第163章興起4
華燈初上的夜幕下,
來自安南都護府的使者曲榮,也在仔細打量這沿途義軍控製下的點點滴滴市容和人物風貌的細節。
安南都護府兼靜海軍節度使,管領交州等十二州(今越南北部),但實際上自高駢離任之後,相應節度使兼領都護就一直空懸虛位;所以一直到現在才梳理清楚了內部權力架構,而以目前一位職級最高的都護府右長史寧思翀,權署幕務的名義,派人前來交涉名義上從屬的條件事宜。

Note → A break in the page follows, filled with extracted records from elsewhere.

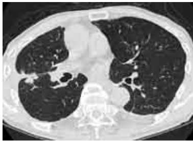
A: before first gefitinib
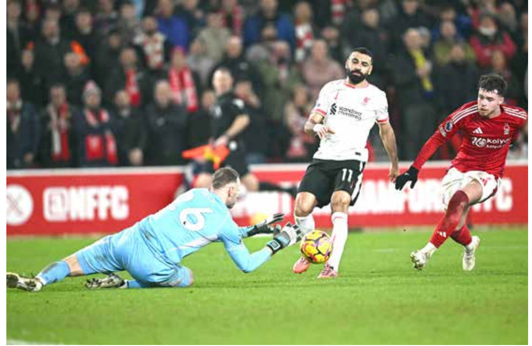
Although \, Liverpool \, had \, strug- \\

"I could not have asked for beyond them. more. Second half was outstand-
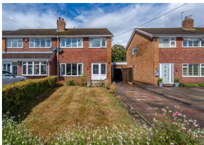
16 Queens Road, Calf Heath, Wolverhampton, WV1 7DT

作為使者的曲榮乃是當地土生世家大族的出身,在舉士不第之後才因為家族推舉和捐納的緣故,被征辟為安南都護府的一名參軍,直到最近才因為職事的需要,突擊提攜成為所謂的“(都護、節度)兩院孔目官”;這番被迫前來變相的輸款,對他這樣心向朝廷的士子而言,無疑是一件相當屈辱的事情;但是對他和他背後家族來說,卻是一旦處理不慎就是滅頂之災的要緊勾當。
畢竟,別看這些草賊正當得勢,但是一旦覆亡之後讓朝廷反攻倒算回來,他和他背後的家族就會是都護府和節衙,事後拋出來平息物議和追責之論,首當其衝的替罪羊。但是他的家族更無法抗拒已經迫在眉睫的壓力和危機。
雖然大唐朝廷義軍和多年爭戰的南詔達成和議亦有數載,但是更早之前西南蠻肆虐的慘痛遭遇,卻是隨著四下屠戮的刀兵依舊銘刻在當地廣大的士民百姓心中,而時時刻刻不敢相忘的;
所以,這一次被截斷了來自嶺東的輸供和嶺外的各地輪戍士卒之後,偌大的安南都護府十二州軍民,也就成了某種意義上進取和自保都有所不足的無根之木。而不得不要對這些竊據廣府之地的草賊進行妥協和輸款,以換取進行通商回易所需的基本條件,乃至謀取到借地流轉出入相應物資渠道的相應可能性。